How to Write a RSA Press Release and Other Sidetracks

It’s that time for the habit of the semester roundup and some thinking about what I’ve learned. But first a bit about how news stories tend to follow a path that might look like a mole’s tunnel. Not sure why. This goes to the NSA and the more recent issues with RSA, what we might call the “back door” story or the “purposeful vulnerability” story or the “How did this happen in the first place” story. Here’s what I mean about the mole’s tunnel. Tomorrow the story will turned nuanced. The stories will become the “well, it was sort of the back window not really a back door” or “vulnerability but with invulnerable characteristics just to make sure it still worked” or “well it just sorta happened by chance and we feel awful about it, and that you can believe, and this finger I’m wagging at your face proves it” stories. And so forth.

I’m reading this Guardian article at the moment titled “Security Company RSA Denies Knowingly Installing  NSA ‘back door.'” And then the subtitle, which acts as a thinner mustache: “Denial follows allegations that pioneering company made NSA algorithm its default in return for payment” (italics mine).  If the Guardian is accurately representing the verbs here, then I’m reminded of how I used language like this as a kid to slap accusations away. “Okay, sure I ate all the peanuts, but I didn’t know they were the last ones.” “Okay, I broke the plate, but I swear I didn’t know that I would drop it and didn’t think that the water on my hands would be so slippery.” It’s the “I didn’t know I was doing it” excuse that always works because it appeals to both an epistemological bias and a prevalent but often suppressed ability in people to trust in facts and discernible evidence. Since we really can’t know that RSA hadn’t known that they were actually doing something even though they were doing it goes to the question, “Hey, did you know you were just now talking to yourself?”

But it gets even sillier.

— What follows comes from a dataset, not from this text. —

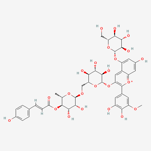 - Synonyms:Petunidin-3-(p-coumaroyl)-rutinoside-5-glucoside;106863-71-2;CHEBI:80431;DTXSID401347732;Petunidin-3-O-(6''-O-(4'''-O-E-coum)-alpha-rhamnopyranosyl-beta-glucopyranosyl)-5-O-beta-glucopyranoside;Petunidin 3-coumaroylrutinoside 5-glucoside;Q27149483;[(2S,3R,4S,5R,6R)-6-[[(2R,3S,4S,5R,6S)-6-[2-(3,4-dihydroxy-5-methoxyphenyl)-7-hydroxy-5-[(2S,3R,4S,5S,6R)-3,4,5-trihydroxy-6-(hydroxymethyl)oxan-2-yl]oxychromenylium-3-yl]oxy-3,4,5-trihydroxyoxan-2-yl]methoxy]-4,5-dihydroxy-2-methyloxan-3-yl] (E)-3-(4-hydroxyphenyl)prop-2-enoate

Here’s the first paragraph of the article: “The security company RSA has denied that it knowingly weakened the encryption it used in its products as part of a secret contract with the US’s National Security Agency.” There’s little congruence between the title and this first paragraph: “knowingly installing” and knowingly weakening.” Indeed, the first paragraph is much better. It gives that nuance we all so love. Now RSA denies “it knowingly weakened the encryption …” Think about that. I’ve tried to tighten things up, tidy things, or make something thinner, but I’ve never actually verbed any of that “unknowingly.” I intended to make my bed. I’ve even tried to write some encryption myself. Consider this fiction:

He cracked his knuckles but before he could start, Larry said, “Put a J there in that as an extra expression.”

He said, “Duh, okay.”

Larry said to himself, “Ha, ha. He doesn’t know that that  J will open the back door. He He.”

Not only did RSA not “knowingly weaken the encryption” but they deny doing it knowingly AND as a “secret contract” with the NSA. In the first paragraph, the “as part of a” elbow acts like a conjunction in an unwritten compound sentence. We deny “knowingly doing something” AND we deny “knowingly doing something as part of a secret contract.” As every good obfuscator knows, ANDs make for future denials. Consider this part where Charles Arthur quotes from a RSA blog post

RSA initially declined to respond to the reports. But in a blogpost on its site posted Sunday, the company now says: “Recent press coverage has asserted that RSA entered into a ‘secret contract’ with the NSA to incorporate a known flawed random number generator into its BSAFE encryption libraries. We categorically deny this allegation.”

In terms of the  AND theory of obfuscation, this is grandiloquence. We “deny that we entered into a secret contract to incorporate a known flawed [something]”  Very good writing, I would say. The reporters one flaw here is the use of the word “now says” which would imply a change of heart or alteration.

In all seriousness, knowing what people did or what they were thinking is always hard. Of course it is. I would submit that the solution is pretty simple and it goes according to the deux ex machina formulation in storytelling. Some powerful person or force, maybe the American president, tells the NSA: “That’s it, stop storing Ersinghaus’s data.” Believe me it ain’t all that interesting.